Seems like everybody except me gets this. Was Beethoven not a team player?


----------



## Open Book (Aug 14, 2018)

Mozart, Debussy, Mussorgsky: "Night Mer on Bald Mountain"


----------



## Larkenfield (Jun 5, 2017)

If Bach had teamed with Mozart and Beethoven, they could have written Nah Nah-Nah Nah Nah: We Are The Three Greatest Composers Who Ever Lived


----------



## Olias (Nov 18, 2010)

Open Book said:


> Seems like everybody except me gets this. Was Beethoven not a team player?

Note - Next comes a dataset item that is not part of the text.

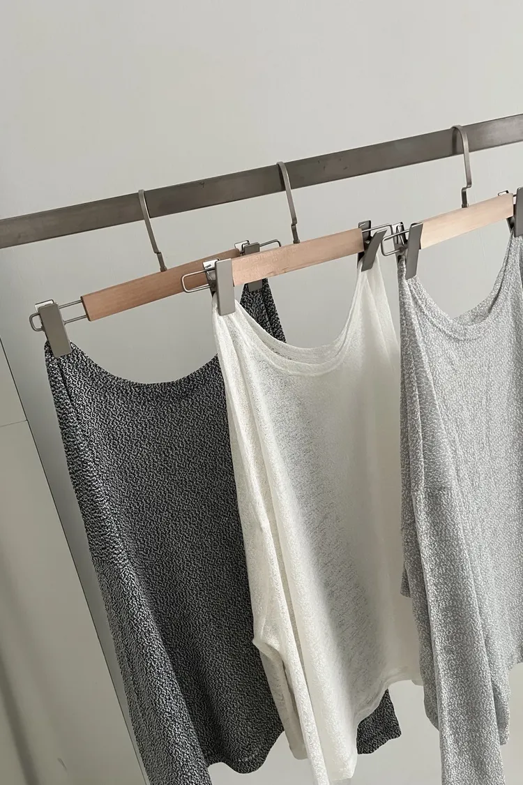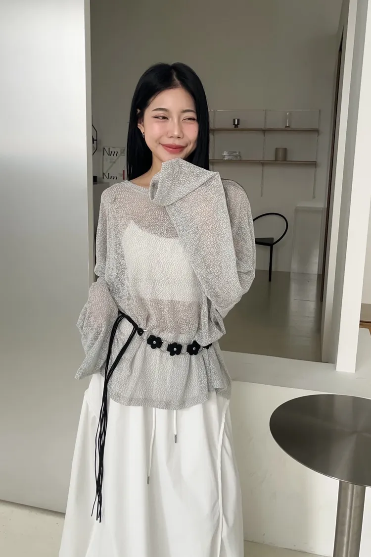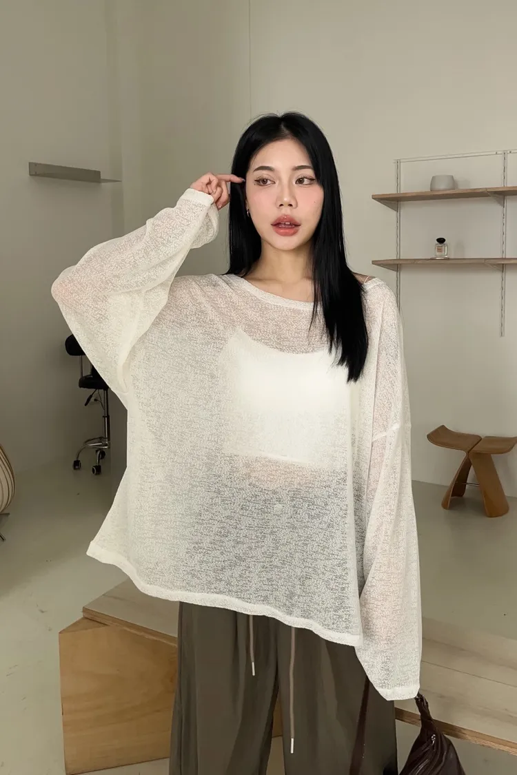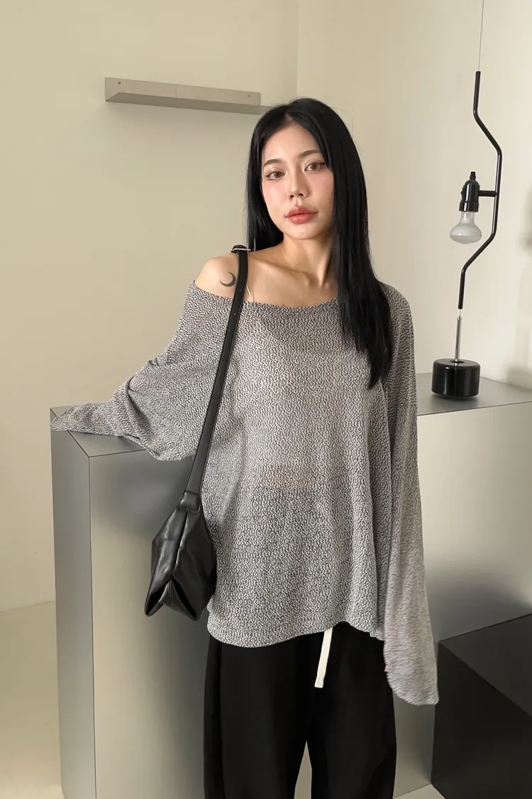 雪花雜訊紋路 彈性圓領 寬鬆落肩 微透膚

Yeah, that was the idea. He was rather reclusive and bad-tempered. He respected some composers like Bach and Mozart but he very much carved his own path and I honestly don't think anyone could have effectively collaborated with him.


----------



## EdwardBast (Nov 25, 2013)

paulbest said:


> WEll if anyone here knows how Ravel's arrangements of Mussorgsky's works, , Boris, and Pictures,,,made up any shortcommings in the original work,,,please chime in..
> Leets say Ravel did no arrangements of either.
> And we had no access to Shostakovich's rendering of Boris,,,would Boris be as well loved today ,,,that in its original state?
> 
> ...


Art is correct. Rimsky-Korsakoff mucked around with Boris, not Ravel, and managed to screw up some of the good parts. There are about 30 orchestral arrangements of Pictures. Ravel's isn't the best.


----------



## Open Book (Aug 14, 2018)

Ravel could have teamed up with Couperin on "Le Tombeau de Couperin", to what result I don't know. Maybe it would have been written for harpsichord but that would diminish it greatly.


----------



## paulbest (Apr 18, 2019)

Olias said:


> Yeah, that was the idea. He was rather reclusive and bad-tempered. He respected some composers like Bach and Mozart but he very much carved his own path and I honestly don't think anyone could have effectively collaborated with him.


True
But look at how many great composers went on to team up with Beethoven, posthumously. 
Beethoven had many *Sons* = collaboration. I've even seen a comment such as *Beethoven lived on in Brahms music*. Could we also say that next in line , as Brahms is his 1st born,,,Dvorak is his 2nd greatest son? 
When I hear Dvorak,,I feel that Beethoven's spirit is still alive in those works.


----------



## KenOC (Mar 7, 2011)

Olias said:


> Yeah, that was the idea. He was rather reclusive and bad-tempered. He respected some composers like Bach and Mozart but he very much carved his own path and I honestly don't think anyone could have effectively collaborated with him.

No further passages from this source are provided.